* [Data provided]:
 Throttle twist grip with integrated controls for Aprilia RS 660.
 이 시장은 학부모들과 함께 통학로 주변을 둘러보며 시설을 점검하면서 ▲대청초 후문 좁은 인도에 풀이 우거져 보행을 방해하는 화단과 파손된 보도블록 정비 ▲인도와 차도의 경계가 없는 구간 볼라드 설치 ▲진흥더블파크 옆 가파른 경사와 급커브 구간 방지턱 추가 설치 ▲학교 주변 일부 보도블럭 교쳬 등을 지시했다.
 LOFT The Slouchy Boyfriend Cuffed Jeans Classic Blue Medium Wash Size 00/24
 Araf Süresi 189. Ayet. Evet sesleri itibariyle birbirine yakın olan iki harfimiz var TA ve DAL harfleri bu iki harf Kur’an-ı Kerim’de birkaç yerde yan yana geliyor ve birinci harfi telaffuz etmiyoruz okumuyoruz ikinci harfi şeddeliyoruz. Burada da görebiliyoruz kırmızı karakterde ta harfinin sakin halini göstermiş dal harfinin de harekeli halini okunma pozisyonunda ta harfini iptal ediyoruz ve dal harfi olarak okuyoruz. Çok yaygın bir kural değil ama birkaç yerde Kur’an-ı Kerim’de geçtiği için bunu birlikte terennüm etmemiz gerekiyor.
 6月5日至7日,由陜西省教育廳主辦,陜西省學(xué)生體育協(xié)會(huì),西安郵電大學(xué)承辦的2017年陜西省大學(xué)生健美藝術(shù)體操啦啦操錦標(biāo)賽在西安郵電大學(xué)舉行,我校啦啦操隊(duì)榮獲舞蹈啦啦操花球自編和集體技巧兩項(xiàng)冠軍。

* * *

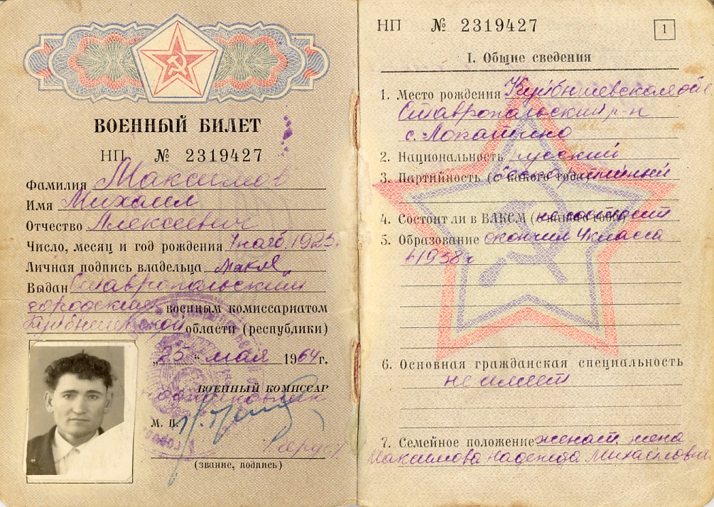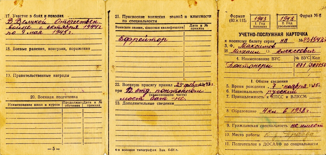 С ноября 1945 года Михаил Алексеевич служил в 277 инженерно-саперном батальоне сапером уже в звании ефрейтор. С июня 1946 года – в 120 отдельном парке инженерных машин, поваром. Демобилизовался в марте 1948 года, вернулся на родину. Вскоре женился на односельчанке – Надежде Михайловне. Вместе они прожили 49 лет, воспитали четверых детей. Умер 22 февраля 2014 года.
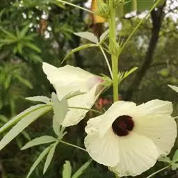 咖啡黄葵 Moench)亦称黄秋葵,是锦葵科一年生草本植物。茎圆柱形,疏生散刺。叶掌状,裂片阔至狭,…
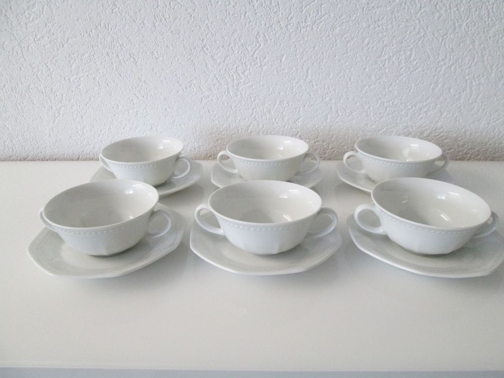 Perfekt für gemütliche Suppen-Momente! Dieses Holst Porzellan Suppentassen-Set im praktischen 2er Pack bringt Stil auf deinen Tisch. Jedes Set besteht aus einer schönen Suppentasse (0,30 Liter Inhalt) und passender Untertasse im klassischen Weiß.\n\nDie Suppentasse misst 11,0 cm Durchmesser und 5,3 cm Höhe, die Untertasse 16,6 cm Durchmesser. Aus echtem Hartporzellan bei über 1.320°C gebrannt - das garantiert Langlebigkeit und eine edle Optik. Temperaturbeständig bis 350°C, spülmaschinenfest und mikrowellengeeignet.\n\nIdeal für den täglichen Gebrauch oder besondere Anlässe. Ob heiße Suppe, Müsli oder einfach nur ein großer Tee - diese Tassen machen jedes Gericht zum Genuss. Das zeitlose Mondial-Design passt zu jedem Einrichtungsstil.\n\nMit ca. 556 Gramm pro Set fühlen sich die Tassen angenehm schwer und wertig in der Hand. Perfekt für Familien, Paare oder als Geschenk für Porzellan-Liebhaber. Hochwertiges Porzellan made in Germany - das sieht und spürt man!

* [Work instructions]: Would you copy, unchanged, the stretch of the records above that begins at the line containing "Throttle twist grip" and ends at the line containing "이 시장은 학부모들과", and only that?

* [Task answer]:
 Throttle twist grip with integrated controls for Aprilia RS 660.
 이 시장은 학부모들과 함께 통학로 주변을 둘러보며 시설을 점검하면서 ▲대청초 후문 좁은 인도에 풀이 우거져 보행을 방해하는 화단과 파손된 보도블록 정비 ▲인도와 차도의 경계가 없는 구간 볼라드 설치 ▲진흥더블파크 옆 가파른 경사와 급커브 구간 방지턱 추가 설치 ▲학교 주변 일부 보도블럭 교쳬 등을 지시했다.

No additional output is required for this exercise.